(DATASET CONTENT)

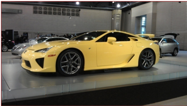
Lexus LFA 2012

It's been several years since we last attended the Philadelphia Auto Show and it was a pleasant surprise this year to find a well organized and extensive display of past and present vehicles. My wife and I appreciate examples of fine automotive engineering and there was plenty to see. Although we do lean towards the coupe style over the sedan or larger, there were some nice examples of those "other" vehicles on display. As usual the show was held at the Philadelphia Convention Center which had 600,000 square feet devoted to the show. Toyota even had a first ever indoor ride and drive event (at low speed mind you). The main display was held on the upper level while the aftermarket DUB Show was held on the lower level.
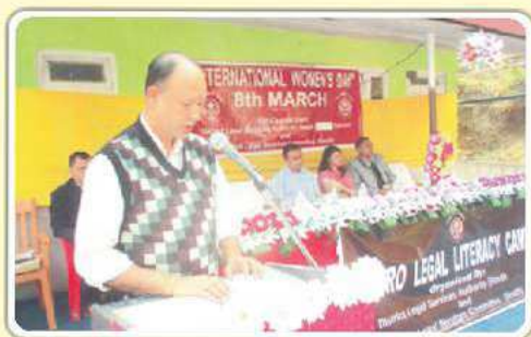
Mamring, South Sikkim
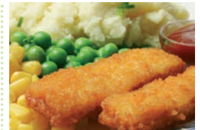
MSC Fish fingers & diced potatoes
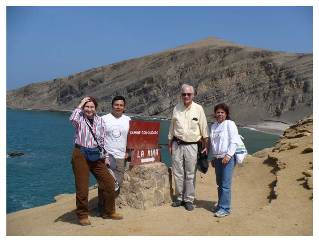
Field research group with section "La Mina" on the background.
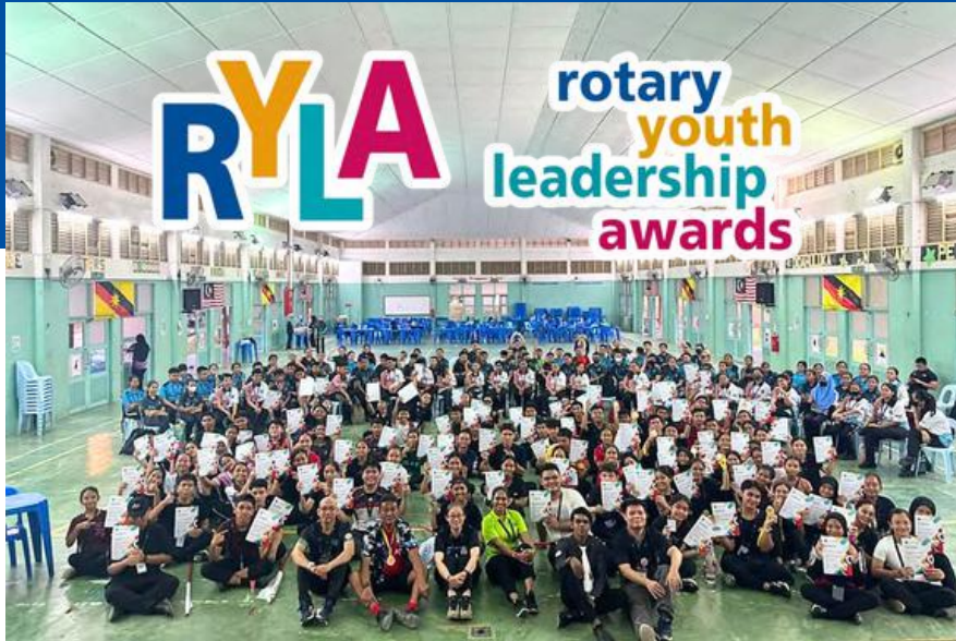
Photo from RYLA in SMK Kapit

Rotary believes in developing the next generation of leaders. Our programs help younger leaders build leadership skills, expand education and learn the value of service.
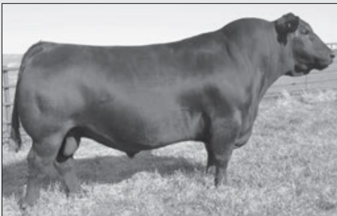
SAV RESOURCE 1441 - Reference Sire D.
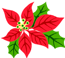
Women's Bazaar is Dec. 1st, 10-3PM.

If you have been unable to help in preparing for the bazaar, your chance to support it will be on Dec. 1st! Come and shop for many of your Christmas needs! Bring your friends and family. Some of the items offered for sale at the bazaar include: ornaments, crafts, baked goods, candies, pet treats, Christmas décor, and many items in their "granny's attic".
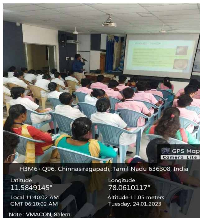
H3M6+Q96, Chinnasiragapadi, Tamil Nadu 636308, India
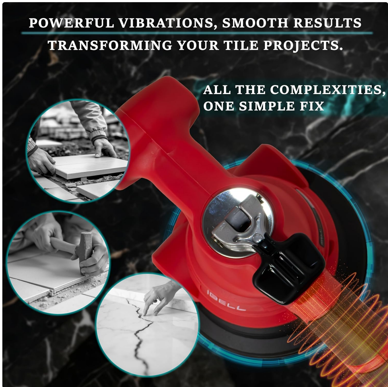
Figure 6.1: The tile vibrator in action, demonstrating its ability to achieve smooth results and simplify tile installation.

For optimal results, ensure the tile surface is clean and dry before applying the suction cup.
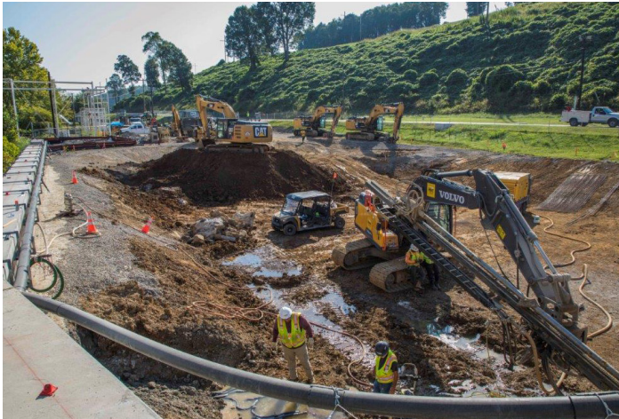
Construction began on the Outfall 200 Mercury Treatment Facility, which is vital to large-scale cleanup at Y-12.

Y-12's large, deteriorated, mercury-contaminated facilities and subsequent soil remediation, by providing a mechanism to limit potential mercury releases into the Upper East Fork Poplar Creek. When operational, the facility will be able to treat 3,000 gallons of water per minute, and it includes a 2-million-gallon storage tank to collect stormwater. The facility will help Oak Ridge meet regulatory limits in compliance with EPA and State of Tennessee requirements.
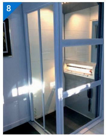
8 Additional vinyl flooring was ordered via a UK stockist allowing the new flooring on the ground level to match the flooring in the lift
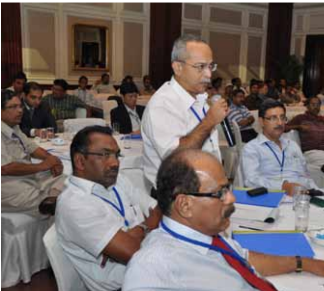
Setting the theme - interactions among participants
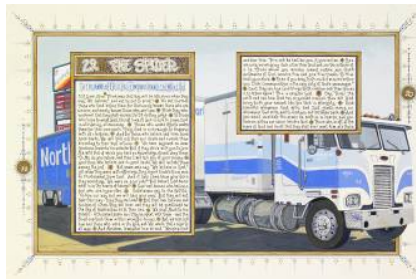
image: Sandow Birk, American Qur'an Sura 29 (a) , 2010, Courtesy of P.P.O.W Gallery, NY and Catharine Clark Gallery, San Francisco
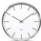
One 25 Index
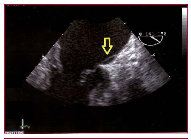
Fig. 2. Transesophageal echocardiography. View at 141°. Image of false tendon attached to the left atrial wall (arrow) is observed, with no interference in mitral leaflet function.
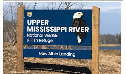
Photo: Take your photo next to the blue bald eagle sign at the boat landing. This is a great spot for wildlife viewing of all kinds!

GPS Coordinates: 43.49226212488441, -91.24889815586866
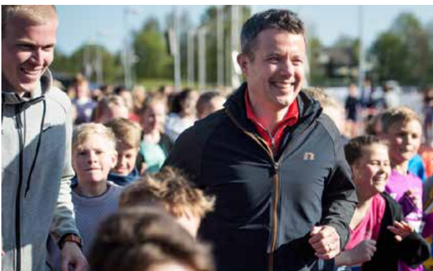
The Crown Prince took part in the warm-ups at a local School Olympic Games meet.

During the year, The Crown Prince was also present at events connected to the nationwide School Olympic Games, where school classes can qualify at 17 local athletic meets spread
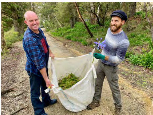
Dead-heading agapanthus and installing nesting boxes around Blackheath Community Farm

Numbers will be limited so contact Lis if you'd like to join in on 0407 437 553.
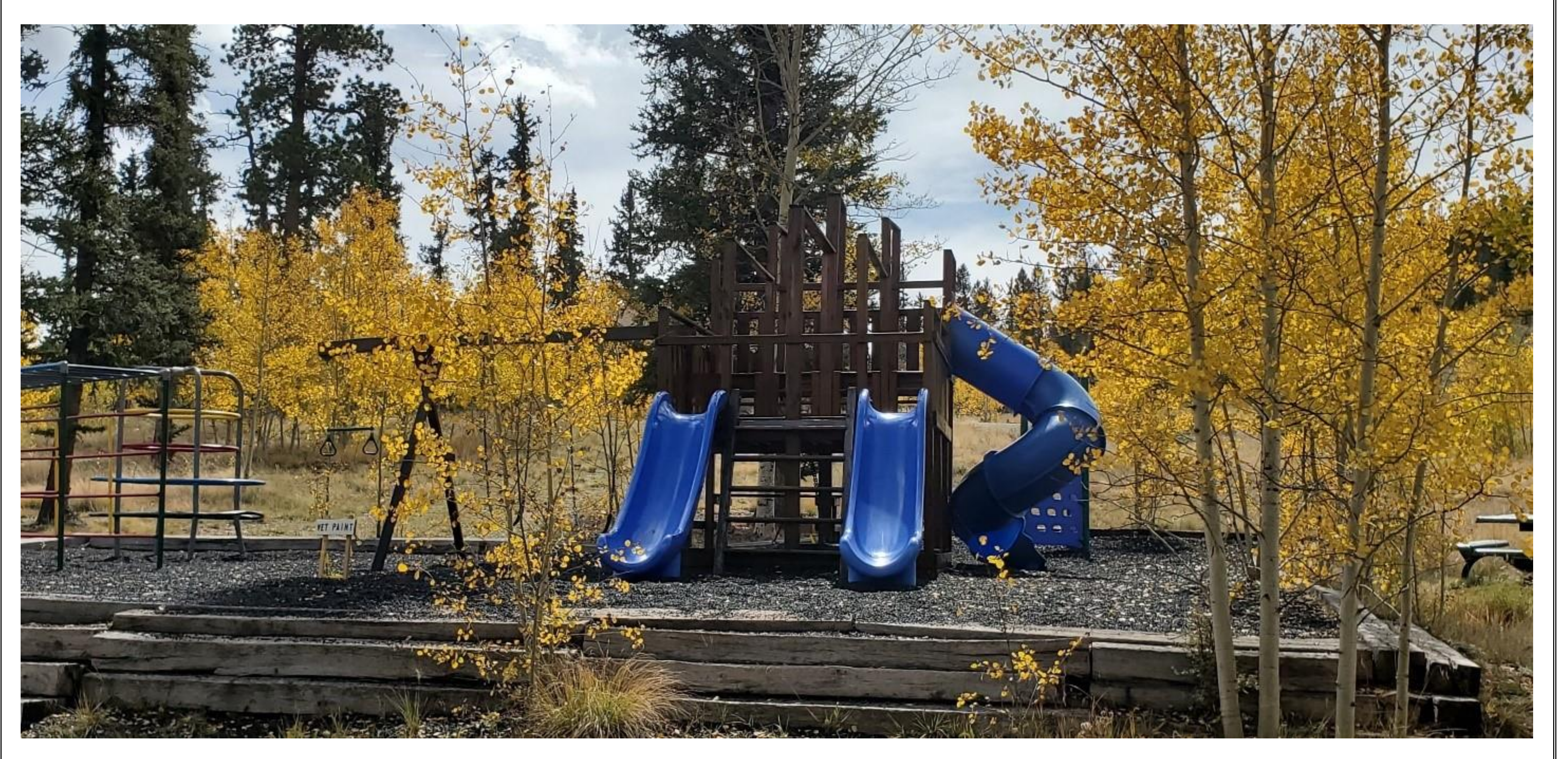
The climbing bars at the playground also received a new a coat of paint.

(End DATASET CONTENT)

The data above must be copied exactly. Leave out the pictures.

EXERCISE OUTPUT:
Lexus LFA 2012

It's been several years since we last attended the Philadelphia Auto Show and it was a pleasant surprise this year to find a well organized and extensive display of past and present vehicles. My wife and I appreciate examples of fine automotive engineering and there was plenty to see. Although we do lean towards the coupe style over the sedan or larger, there were some nice examples of those "other" vehicles on display. As usual the show was held at the Philadelphia Convention Center which had 600,000 square feet devoted to the show. Toyota even had a first ever indoor ride and drive event (at low speed mind you). The main display was held on the upper level while the aftermarket DUB Show was held on the lower level.
Mamring, South Sikkim
MSC Fish fingers & diced potatoes
Field research group with section "La Mina" on the background.
Photo from RYLA in SMK Kapit

Rotary believes in developing the next generation of leaders. Our programs help younger leaders build leadership skills, expand education and learn the value of service.
SAV RESOURCE 1441 - Reference Sire D.
Women's Bazaar is Dec. 1st, 10-3PM.

If you have been unable to help in preparing for the bazaar, your chance to support it will be on Dec. 1st! Come and shop for many of your Christmas needs! Bring your friends and family. Some of the items offered for sale at the bazaar include: ornaments, crafts, baked goods, candies, pet treats, Christmas décor, and many items in their "granny's attic".
H3M6+Q96, Chinnasiragapadi, Tamil Nadu 636308, India
Figure 6.1: The tile vibrator in action, demonstrating its ability to achieve smooth results and simplify tile installation.

For optimal results, ensure the tile surface is clean and dry before applying the suction cup.
Construction began on the Outfall 200 Mercury Treatment Facility, which is vital to large-scale cleanup at Y-12.

Y-12's large, deteriorated, mercury-contaminated facilities and subsequent soil remediation, by providing a mechanism to limit potential mercury releases into the Upper East Fork Poplar Creek. When operational, the facility will be able to treat 3,000 gallons of water per minute, and it includes a 2-million-gallon storage tank to collect stormwater. The facility will help Oak Ridge meet regulatory limits in compliance with EPA and State of Tennessee requirements.
8 Additional vinyl flooring was ordered via a UK stockist allowing the new flooring on the ground level to match the flooring in the lift
Setting the theme - interactions among participants
image: Sandow Birk, American Qur'an Sura 29 (a) , 2010, Courtesy of P.P.O.W Gallery, NY and Catharine Clark Gallery, San Francisco
One 25 Index
Fig. 2. Transesophageal echocardiography. View at 141°. Image of false tendon attached to the left atrial wall (arrow) is observed, with no interference in mitral leaflet function.
Photo: Take your photo next to the blue bald eagle sign at the boat landing. This is a great spot for wildlife viewing of all kinds!

GPS Coordinates: 43.49226212488441, -91.24889815586866
The Crown Prince took part in the warm-ups at a local School Olympic Games meet.

During the year, The Crown Prince was also present at events connected to the nationwide School Olympic Games, where school classes can qualify at 17 local athletic meets spread
Dead-heading agapanthus and installing nesting boxes around Blackheath Community Farm

Numbers will be limited so contact Lis if you'd like to join in on 0407 437 553.
The climbing bars at the playground also received a new a coat of paint.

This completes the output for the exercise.